Now, I realise that this narrative has no particular uniqueness in its generality, since all over Australia such programs have, of course, led us to the founding of the Australian Association of Writing Programs (to use its current terminology). However, from my position in the physically most isolated capital city on Earth, I do have a desire to speak of a couple of features of the BA (Writing) in its Edith Cowan guise and then to conclude with an explanation as to why I have come to believe that that the unit we call Community Writing has turned out, almost by accident, to be a vital component of this course.

When we were attempting for the umpteenth time to satisfy our Faculty colleagues that there was a place for the BA (Writing) in the Faculty's future, the English Department finally decided to completely modernise its introductory first year units in literary studies.

Unfortunately we hadn't access to such articles as Paul Dawson's recent, 'The Function of Critical Theory in Tertiary Creative Writing Programmes' (Southern Review 1997). Nevertheless, in an instinctive sort of way we thought that making the first year core units, Literature Language and Textuality and Literature, Discourse and Society a compulsory element in the writing degree at least would bring the Writing students into dialogue with the English major students so that contemporary literary theory would become a context for their writing practice. Likewise the English Literature majors would be less removed from dialogic engagement with the creating of text. Who knows, but literary theory itself might suffer some process of adaptation! That is a story yet to unfold, but according to Dawson's very interesting article it would certainly work against the common assumption he criticises:

Perhaps the largest impediment to recognising the existence and value of literary theory in writing programs is the assumption that 'Creative writing' is a practice which exists in the public sphere and has somehow been annexed by the academy. (Dawson 72)

 

In fact, in the Edith Cowan third year unit, Creative Writing, we have introduced practices which are supported by Dawson's arguments for 'an integration of Creative Writing and Literary Studies.' (77). In this unit the first task is for students to compile a 'critical collection' of an Australian writer who comes close to being a role model in each student's favourite genre. If the writer is a contemporary Western Australian, students are encouraged to interview the author and include the edited transcript in their appendices. In some ways the procedure is a form of mentoring. Students follow-up with preparing manuscripts of their own and submitting them to publishers. What I am thinking to further develop in this unit is a re-interrogation of theoretical issues introduced in the two first year units, Literature, Language and Textuality and Literature, Discourse and Society. As Dawson has argued,

the writer is that student who has internalised a set of theoretical principles thus organising a response according to the same critical strategies adopted to identify exemplary texts. (76)

 

 

A word on the Independent Study Unit. A similar unit is available within the Media Studies Department for writing students whose focus is media writing. The English Department unit caters for poets, dramatists, fiction and non-fiction writers. In the latter category we usually have writers specialising in local history, biography, travel writing, reviewing, public relations, etc. The way students operate in this unit is that they first propose a project in a formalised framework. These proposals are tabled at the first meeting of the students enrolled in this unit. At this same meeting each student also presents a research topic which will contribute in some way to the major project. This major project for Independent Study must be a completed manuscript suitable within the parameters of its genre for submission to a major literary competition, or to an appropriate publisher. In the case of longer works of prose fiction the manuscript would take the acceptable form of two or more chapters and a plot summary. Performance works are submitted to production companies or to funding authorities, festival planners and the like. Five thousand words or an equivalent number of lines of poetry or running time for a theatrical performance are the final requirement in such cases. Students spend up to one third of semester on 'research' which, as in the case of poetry projects, may entail a thematic study or field-work of considerable detail.

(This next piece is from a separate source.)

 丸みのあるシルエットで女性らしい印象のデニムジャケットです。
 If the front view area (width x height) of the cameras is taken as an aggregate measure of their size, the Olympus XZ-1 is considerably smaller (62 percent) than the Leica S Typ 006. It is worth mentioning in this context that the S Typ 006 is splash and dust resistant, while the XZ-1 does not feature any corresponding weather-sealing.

Following their research report, which is again shared with the others in the unit, students then submit a 'substantial portion' of the final manuscript for assessment and detailed editing. The editing is intended to make clear to student writers the degree of final editing the remainder of their manuscripts will require. There is another meeting of students at this point to share readings from their work in progression.

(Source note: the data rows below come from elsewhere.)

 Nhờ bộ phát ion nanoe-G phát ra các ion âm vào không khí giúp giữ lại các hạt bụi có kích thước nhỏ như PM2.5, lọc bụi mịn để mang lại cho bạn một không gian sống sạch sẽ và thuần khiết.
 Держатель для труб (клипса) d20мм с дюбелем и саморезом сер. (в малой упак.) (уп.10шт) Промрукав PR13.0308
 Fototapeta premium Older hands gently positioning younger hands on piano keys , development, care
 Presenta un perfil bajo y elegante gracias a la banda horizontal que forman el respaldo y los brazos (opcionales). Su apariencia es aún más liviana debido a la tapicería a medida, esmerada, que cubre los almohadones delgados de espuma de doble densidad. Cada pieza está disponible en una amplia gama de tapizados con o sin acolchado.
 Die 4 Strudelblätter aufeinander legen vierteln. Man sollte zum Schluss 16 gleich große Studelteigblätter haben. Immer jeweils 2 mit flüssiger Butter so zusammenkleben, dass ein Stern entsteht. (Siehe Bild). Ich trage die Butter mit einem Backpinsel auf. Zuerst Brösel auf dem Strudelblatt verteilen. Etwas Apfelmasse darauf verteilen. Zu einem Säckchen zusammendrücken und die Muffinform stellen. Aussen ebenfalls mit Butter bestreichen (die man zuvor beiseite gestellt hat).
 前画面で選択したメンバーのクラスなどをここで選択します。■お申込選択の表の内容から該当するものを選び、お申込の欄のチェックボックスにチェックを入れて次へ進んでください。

It only remains for the final manuscripts to be submitted back accompanied by proof of their parallel submission to publishers or competitions. This final submission constitutes 60% of the total mark for the unit. Some students have self published but must convince us that they are undertaking a serious commercial venture of this type. It seems an appropriate finale to the BA in Writing.

Now I want to return to the Community Writing unit. My argument is that Community Writing has emerged, somewhat surprisingly, as an integral part of this twelve-unit major. The objectives of this unit were developed out of our intention to provide creative writing students with survival skills in the operational world of writing, publishing and networking outside of academia. In Dawson's words,

a working knowledge of the machinations of the publishing industry, of grant systems, current trends and issues in Literature and the organising reception of the Media is required. (79)

 

What we did, then, was to get students to select an area of writing activity typically operating in the community, such as illustration of books, publishing of a newsletter, running a writers' centre, organising a public reading program, conducting writers' tours of schools, setting up a writers' reading, publishing a local magazine, and so on. They produce a research report for the rest of the students as Stage One of their project. In the second half of semester each student then engages in work experience or a sort of internship, depending on the nature of the selected topic. Then they submit their final reports on this experience.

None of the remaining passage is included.